The white man I thought. He must be a nazi. He must not like black people. He went to the passenger side of a red truck. Me, the driver’s side of my car. Already an empty coffee cup in the cup holder, I took it out and walked to the trash can, which was closer to the door than usual. What does he think? Does she have a gun? Will she shoot me because I didn’t hold the door? Will she hit me? What will she do.. Maybe that’ll teach him right. You don’t know what people will do. Police yourself.

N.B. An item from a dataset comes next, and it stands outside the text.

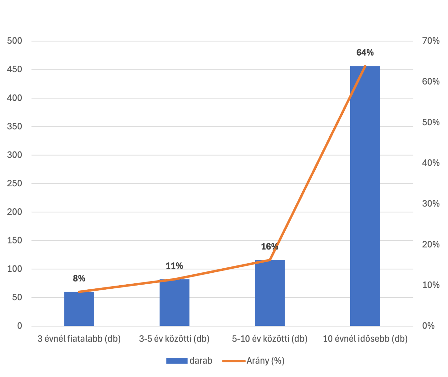 A struktúrát kétpólusú szerkezet jellemzi: a cégek közel kétharmada (64%) több mint 10 éve stabil szereplő, miközben minden harmadik vállalkozás 10 éven belül alapított. A legfrissebb hullámot a három évnél fiatalabb cégek jelentik, amelyek a teljes kör 8%-át adják. Ez egyszerre mutatja a piac stabil bázisát és a folyamatosan érkező utánpótlást.
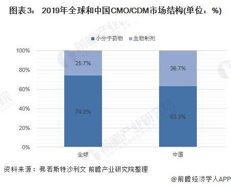 %。从CMO/CDMO市场结构来看,小分子制药占大多数。2019年,小分子制药CMO/CDMO的全球市场规模为225亿美元,占全球CMO/CDMO市场的74.3%。中国的小分子药物CMO/CDMO市场为19亿美元,占中国CMO/CDMO市场的63.3%。

The hour was not many minutes after 6 am, and of course, it is dark this time of year, that time of morning. Cars were parked, no people. I was alone. I was over the white line. If the park to the right of me were the only one left in the lot, it’d be useless a vehicle that could have otherwise made use. If I’d only left just a little more space. If I’d only paid attention to being in the line, I can help someone be less annoyed. I can help someone in their attempt to stop using the word asshole, or bitch. Or jerk. (”They get on the microphone and call us bitches and sluts.” Well, “they” rap it too. We buy, download, listen, and that’s not an invitation). I can help someone get to class on time. I can help someone believe God heard their prayer. “Lord, please let there be a park. You know how ridiculous parking is. And the 168 parking spaces available in lights on the parking garage signs is lies.” As I walked in darkness, I thought that white man may have felt I disrespected him and will kill me. Afterall, I should stay in line. If I’d provoked him with my response, although unverbal, but perceivable, if he’d been thinking like me, I would have participated in my own death. And the keys that shook to the left of me as I passed Westcott jingled friendly, so I wouldn’t perceive a threat. After all, I was a woman, alone, in the dark. And the Budget truck that circled said no one will hurt you. I’m here. The gentleman that projected “Ok, you have a good day now” wanted me to know he was there, to not startle me if I heard him approaching. If at any of these moments I’d not assessed these happenings, or assessed them as threats, what would my benefit of the doubt contribution to society have been for today. Oh but you shouldn’t be so naïve you say. Well you shouldn’t be so provoked, I say.
Panopticism: To induce a state of conscious and permanent visibility that assures automatic functioning of power, by one assuming responsibility for himself, by spontaneously enforcing upon himself the constraints of power, in which one simultaneously plays both roles. The more this self-inflicted power approaches its limit, the more profound and permanent are its effects.